The culprit behind the mysterious collapse of honeybee colonies across the U.S. may be an insect pathogen called Israeli Acute Paralysis Virus (IAPV), says a team of scientists at Columbia University, Penn State University, and elsewhere. They reached this conclusion after comparing the genome sequences found in and on normal and afflicted honeybees, using computer programs to hunt for microbial genes uniquely associated with the stricken insects. "IAPV is the only organism that emerged" as a likely culprit, says one team member, Columbia neurologist Ian Lipkin. But it's unlikely the virus is acting alone. Additional factors may include other pathogens and agricultural chemicals. To learn more, the Agriculture Dept. plans to infect healthy bees with IAPV in secure facilities, and also expose some of them to other factors. The good news: Some naturally transgenic bees appear to be resistant to IAPV.

A determined data thief has lots of ways to steal sensitive information such as passwords or PIN codes. He can plant "keylogging" hardware or software on his victim's PC, or just watch from behind while such data is entered on a computer keyboard or bank ATM machine--a technique called shoulder surfing.

Computer scientist Manu Kumar and his colleagues at Stanford University have a new way to outsmart the snoops and protect your security codes. Dubbed the EyePassword, it uses infrared technology to track the orientation of your pupils and figure out which numbers and letters you're selecting as you stare at an on-screen keyboard.

For maximum accuracy, you either hold your gaze on each character in a password about 8 letters long for half a second or look at a character and click a trigger to confirm your choice. This approach takes a lot more time than typing the characters by hand. In tests on 18 users, it took about 10 seconds to input a gaze-based password, as opposed to 2 seconds typing. Even so, test subjects preferred EyePassword because it made them feel more secure.

Researchers at Oak Ridge National Laboratory have combined four technologies into a multilayer system that dramatically boosts the cooling capabilities of roofs and attics, which tend to swelter under hot sun. By helping to keep the whole house cooler, the system can cut a home's summer electric bills by 8%, says William Miller, the project's co-leader.

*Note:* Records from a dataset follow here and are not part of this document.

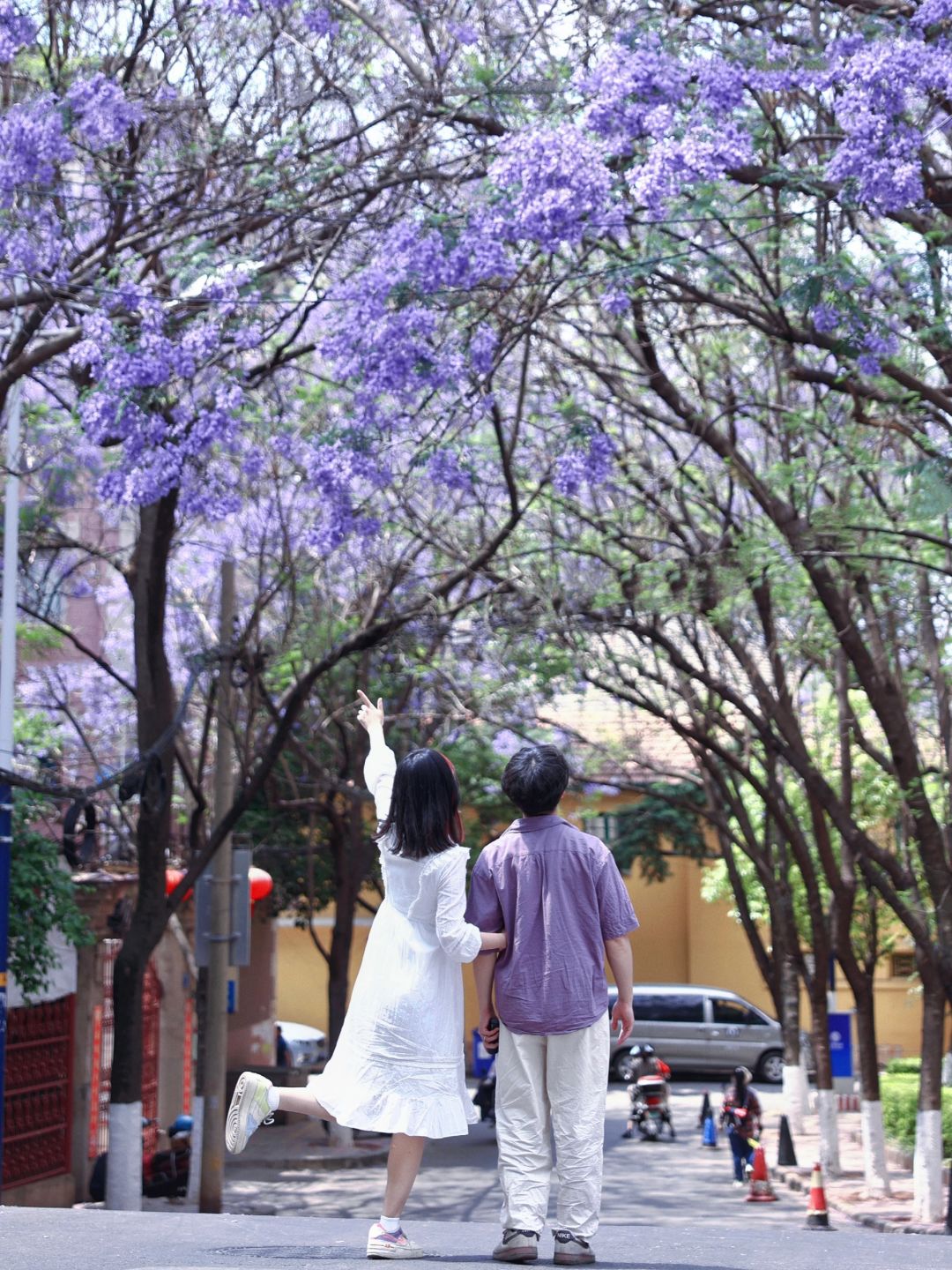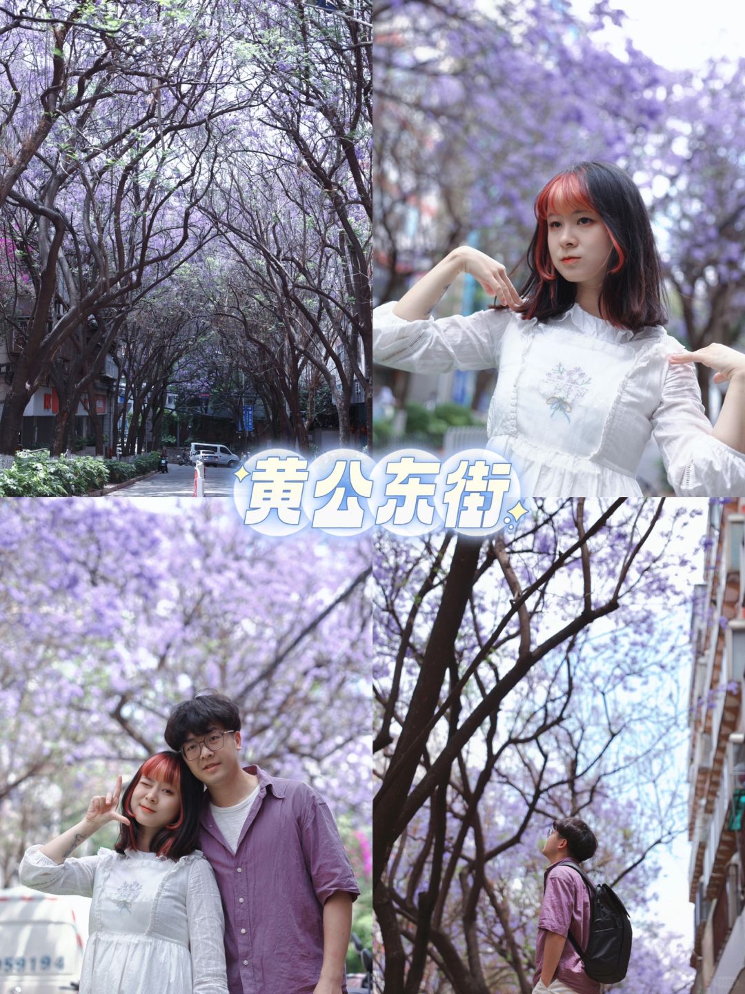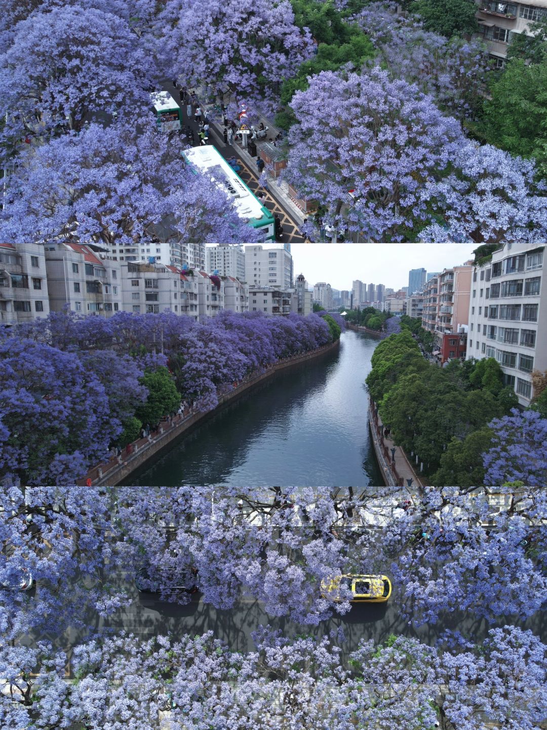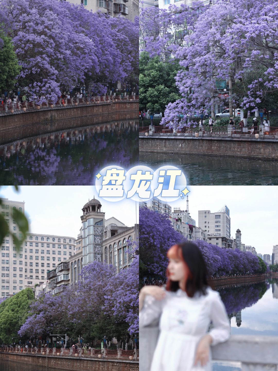 暴走昆明2天!6个蓝花楹观赏点攻略给你! 昆明的蓝花楹花期4月下旬-5月中旬! 逛了6个观赏点,结合自己的亲身感受,新鲜出炉这篇攻略!要去看花的朋友速马! - ❶『教场中路』 🌟花枝最繁盛,还有市集、主题打卡展 🌸体验:这里的蓝花楹最出名最密集了,路两侧有涂鸦墙,五一期间还有市集、周边售卖! 更适合用无人机拍摄,很惊艳! 👨👩👧👦拥挤程度:很多人,拍好照的奥义是仰拍 📍最佳观赏点在“五华区莲华小学”、“莲华综合市场”附近,这2个地方的蓝花楹开的更浓郁! 🔖Tips:可以买蓝花楹冰淇淋打卡!10元一个 - ❷『油管桥铁道』 🌟与废弃铁路结合,拍人像超出片! 🌸体验:这里其实只有一棵较大的蓝花楹,略显单薄,但废弃的铁路桥是个亮点,头图就是在这里拍出来的,拍人像可以来 👨👩👧👦拥挤程度:较多人,只有一小段桥出片 📍位置:导航“昆明水文局宿舍” 🔖Tips:铁道上走路要小心 - ❸『春城路』 🌟可以贴着蓝花楹拍照的地方! 🌸体验:并不像网上宣传的人那么少,新晋网红了属于是,最大的特色是有一条小巷子,地势较高,几乎可以触碰到围墙外生长的蓝花楹!可拍到图6那种离花很近的人像 👨👦👦拥挤程度:较多人,但比教场中路少很多 📍位置:春城路导航到“泰隆宏瑞饭店” - ❹『黄公东路』 🌟和网红墙的结合 🌸蓝花楹数量多,且这里都是居民区,安逸清净!临近翠湖公园,和昆明著名的网红墙就挨着,可以拍到远处的黄墙和蓝花楹(图3) 👩👦拥挤程度:较少人!快冲 📍位置信息,导航“苹果西咖啡馆” - ❺『盘龙江沿岸』 🌟看紫色的江水 🌸说盘龙江多少有些泛了,如果只挑一处可以选桃源广场这一代,花开在西岸,紫色的花把水都染成紫色了,有一些花枝都要垂到水面了,非常有意境 👨👩👧👧拥挤程度:西岸那边人多一些,可以从东岸拍过去 📍位置:导航到桃源广场、鸿城广场 - ❻『江滨西路』 🌟有生活气息的小众观测地! 🌸体验:这里离油管桥铁道非常近,旁边有学校、小卖铺之类,蛮有生活气息,不过这块有些稀疏,无人机可以拍到好看的全景,拍人像可不考虑 👩👦拥挤程度:较少人 📍地址:导航到“五华区小菜园村社区卫生服务站”
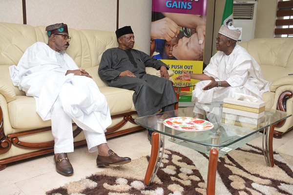 The Permanent Secretary, Health, Mr. Abdulaziz Mashi Abdullahi, in a discussion with the Ministers of Health in the Minister’s office, Abuja
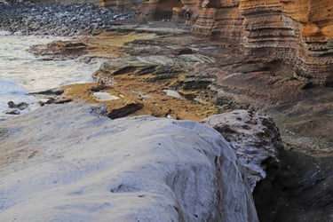 de l'aéroport et faire un tour sur la côte du côté d'Amarilla où l'on peut observer une rareté géologique très photogénique où l'on peut faire fonctionner l'imagination.
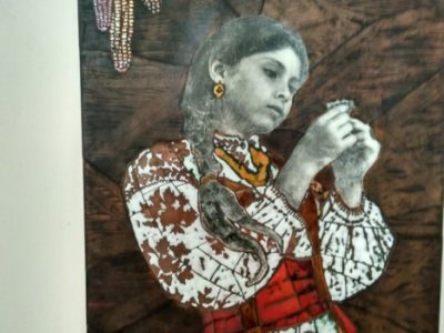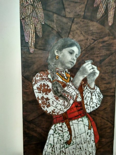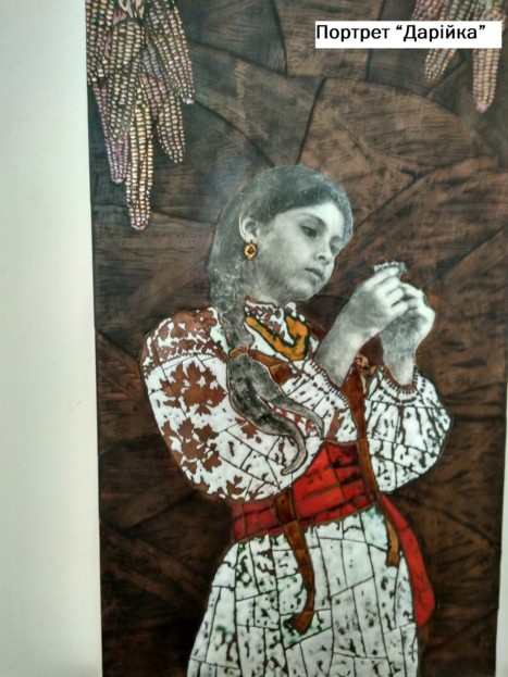 Спочатку поставив фото у рамку, а потім вирішив увічнити в емалях: зробив пишнішим одяг, «подарував» прабабці ще намиста і розмалював тло червоними квітами. Отак фотокартка отримала нове життя. До речі, офорт цієї роботи митець подарував Тернопільському обласному художньому музею.
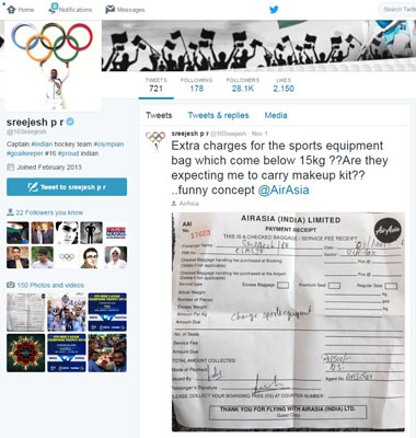 খুব রেগে ভারত অধিনায়ক। মালয়েশিয়া থেকে এশিয়ান চ্যাম্পিয়ন্স ট্রফি জিতে দেশে ফিরছিল ভারতীয় দল। এয়ার এশিয়া হঠাৎই শ্রীজেশের কাছে বেশি জিনিসের জন্য টাকা চেয়ে বসে। বলা হয়ে, যতটা জিনিস নেওয়ার অনুমতি দেওয়া হয়েছে তার থেকে বেশি রয়েছে শ্রীজেশের কাছে। তাতেই রেগে আগুন ভারত অধিনায়ক। কারণ, খেলার সরঞ্জাম ছাড়া আর বাড়তি কিছুই ছিল না তাঁর কাছে। যার জন্য এতদিন কখনও টাকা দিতে হয়নি। শ্রীজেশ এতটাই রেগে যান যে তিনি টুইট করে সে কথা জানান।
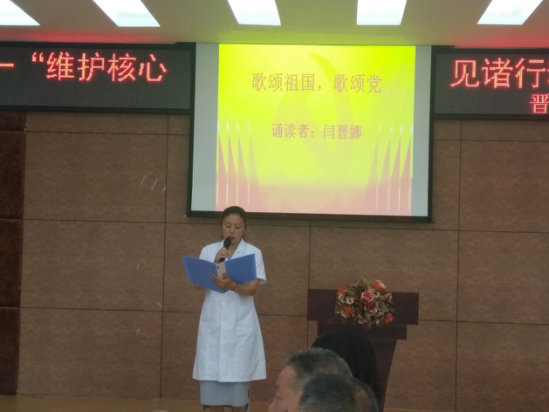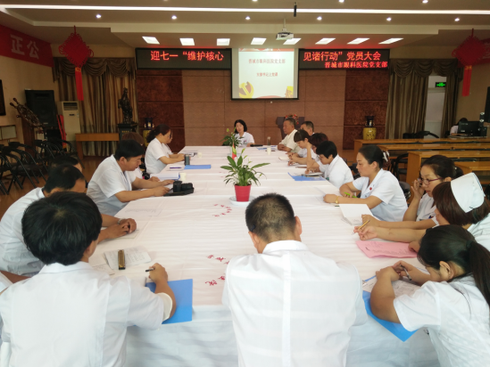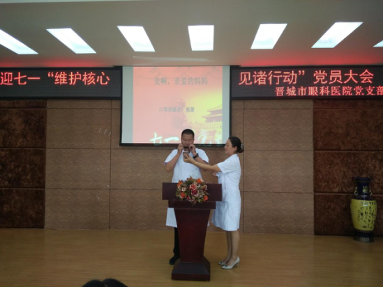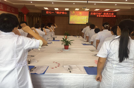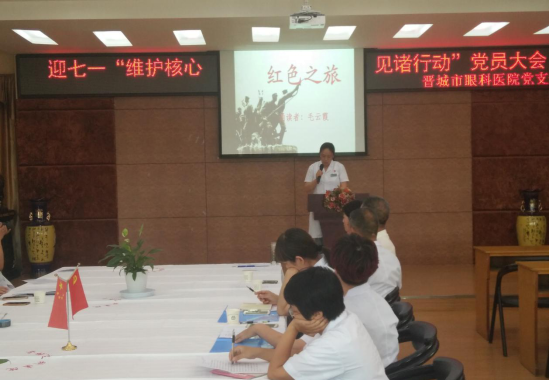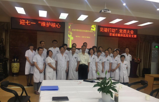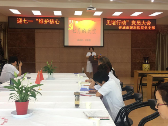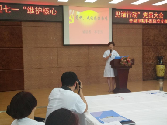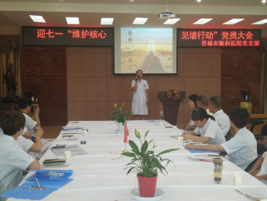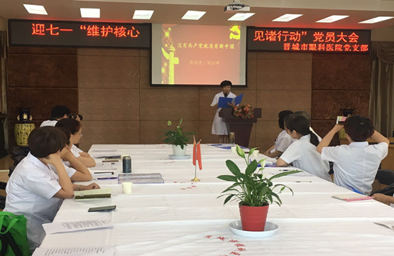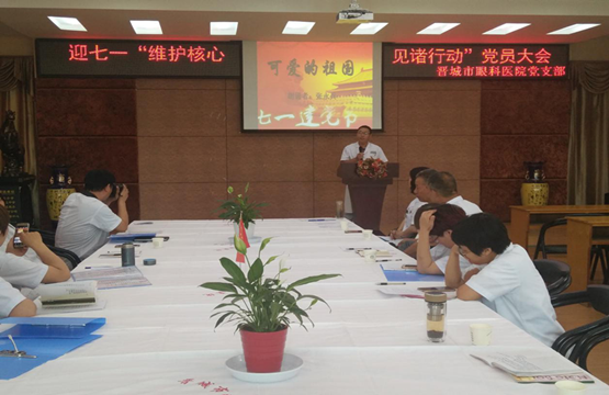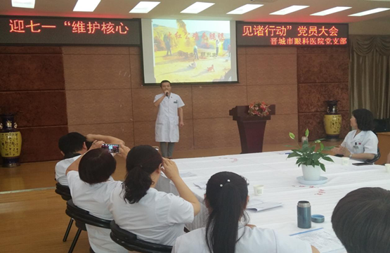 为纪念中国共产党成立96周年,深入推进“两学一做”学习教育常态化、制度化建设,充分发挥党组织战斗堡垒作用和共产党员先锋模范作用。2017年6月28日下午,晋城市眼科医院党支部组织全体党员召开迎七一“维护核心 见诸行动”党员大会。共开展三个方面内容:支部书记上党课、重温入党誓词、诗歌诵读和唱红歌。
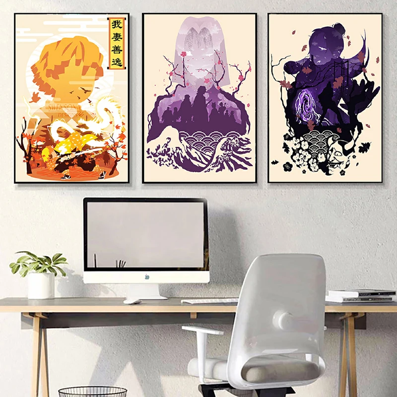 Постер в стиле аниме рассекающий демонов, современное оформление ко...
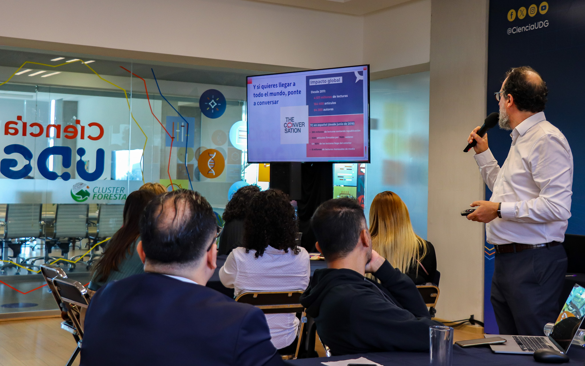 Como parte de las actividades de dicho convenio, en el marco del Foro Ciencia UDG 2023 se realizó el taller “¿Cómo lograr una divulgación escrita con impacto internacional?”, impartido por Jordi Navas, delegado de The Conversation y Elena Sanz, redactora jefa de The Conversation ES. Debido a la aceptación de esta actividad ya se están haciendo los preparativos para realizarlo nuevamente este año.

On the outside layer are shingles that, though dark, heat up slowly because of a special coating that reflects back much of the sun's infrared energy. The next layer of the roof is structured to encourage steady air flow so that warm air vents from the peak, drawing in cooler air from the eves. Below that, a thin barrier of aluminum slows the transfer of heat from the roof into the attic.

At the bottom is a layer of "phase-change" insulation. Packed with tiny capsules filled with a chemical that goes from solid to liquid as it warms--at around 85F--the insulation absorbs heat by day and releases it back into the air at night. On a 92F day, ORNL's prototype system cut attic temperatures by 22F, to 105F.

-- Sheets of artificial muscle that contract with the same amount of power as living heart tissue could prove useful to designers of robots and medical devices. Scientists at Harvard University took muscle cells from rat hearts and grew them on thin sheets of film. They then turned the films into 3D devices that can move and grip other objects, says a report in the Sept. 7 issue of Science.

-- One reason 17% of America's kids are overweight is that 98% of all TV food ads viewed by children age 2 to 11 and close to 90% of ads watched by teenagers are for products laden with sugar and fat. So says a study funded by the nonprofit Robert Wood Johnson Foundation, which monitored top-rated shows for children over a nine-month period from 2003 to 2004 and assessed every food ad shown. In total, they found that almost half the calories of the products advertised came from sugar. Previous studies show kids are heavily influenced by ads, which "makes it incumbent on food companies to change their practices," says Lisa M. Powell of the University of Illinois in Chicago.